Overall, spectral subtraction seems to let us achieve better acoustic noise reduction, and does provide more parameters we can tune to achieve a better performance. To some extend, this explains why specral subtraction remained so popular. On the other hand, in certain settings, subtraction of the noise spectrum does create the annoying effect called 'musical noise'. Wiener filters are much less subject to this kind of signal corruption, but they offer much less flexibility, and in almost all cases where the amount of noise we did add was substential, we were never really able to fully remove the background noise (e.g. hiss). This is not the case with spectral subtraction: if a resonably limited loss of speech intelligibility is acceptable, the spectral subtraction technique seems to allow us to remove a fair amount of noise, including cancelling almost completely musical noise (this is also true for other kind of noise we did experiment with: colored noise and pink noise, but this isn't reported in the present document due to a lack of space).

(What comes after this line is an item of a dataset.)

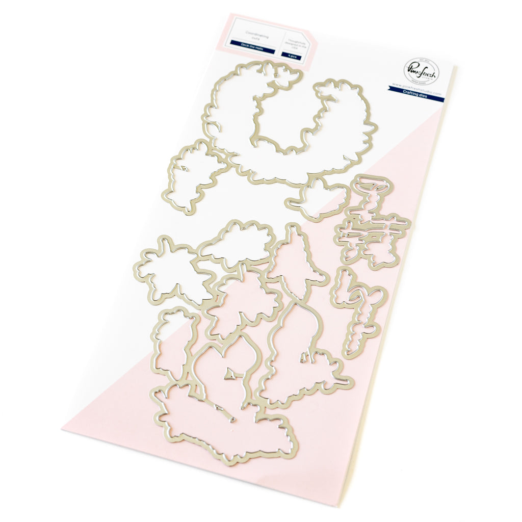 4 pc die set to coordinate with the Deck the Halls stamp set, Deck the Halls washi tape and Deck the Halls stencil set. There are (2) 1-piece dies to cut around the ornament & greenery clusters, and dies for cutting out the scripted sentiments.

To overcome the problem of musical noise, our initial idea was to combine Wiener filtering and spectral subtraction, as suggested by Vaseghi [Vas97]. Our assessment of the nature of the signal produced by the Wiener filter was that is does produce a sound that seems much more natural (at least compared to spectral subtractor's musical noise), with little degradation of intelligibility. The idea behind this combination of Wiener filters and spectral subtraction is that Wiener filters need an estimate of the clean signal in order to minimize the least mean square error, and for this purpose the noisy signal is used, since no better signal is readily available (iterative Wiener filtering can give better performance). As reported in section 3, we were successful in using the output of spectral subtraction to have a better estimate of the clean signal for the purpose of training a Wiener filter.

References

Bol79
Boll, S.F. Suppression of Acoustic Noise in Speech using Spectral Subtraction. IEEE Transactions on Acoustics, Speech, and Signal Processing (27), pp. 113-120, 1979.
BSM79
Berouti, M., Schwartz, R., and Makoul J. Enhancement of speech corrupted by additive noise. IEEE Transactions on Acoustics, Speech, and Signal Processing, pp. 208-211, 1979.
Hir93 Hirsch, H. G. Estimation of noise spectrum and its application to SNR-estimation and speech enhancement. ICSI Technical Report TR-93-012, Intl. Comp. Science Institute, Berkeley, CA, 1993.
Lim83
Lim, J.S. (editor). Speech Enhancement. Prentice Hall, 1983. (Collection of journal and conference papers on noise reduction).
LO79
Lim, J. and Oppenheim, A. Enhancement and bandwidth compression of noisy speech. Proceedings of the IEEE (67), pp. 1586-1604, 1979.
Mar94
Martin, R. Spectral Subtraction Based on Minimum Statistics. EUSIPCO-94, Edinburgh, Scotland, 1994, pp. 1182-1185.
PRS97 Paulraj, A., Roychowdhury, V., and Schaper, C., (editors). Communications, Computations, Control and Signal Processing. Kluwer Academic Publishers, 1997.
Vas97

Vaseghi, S. Advanced Signal Procession and Digital Noise Reduction. Wiley & Teubner, 1997.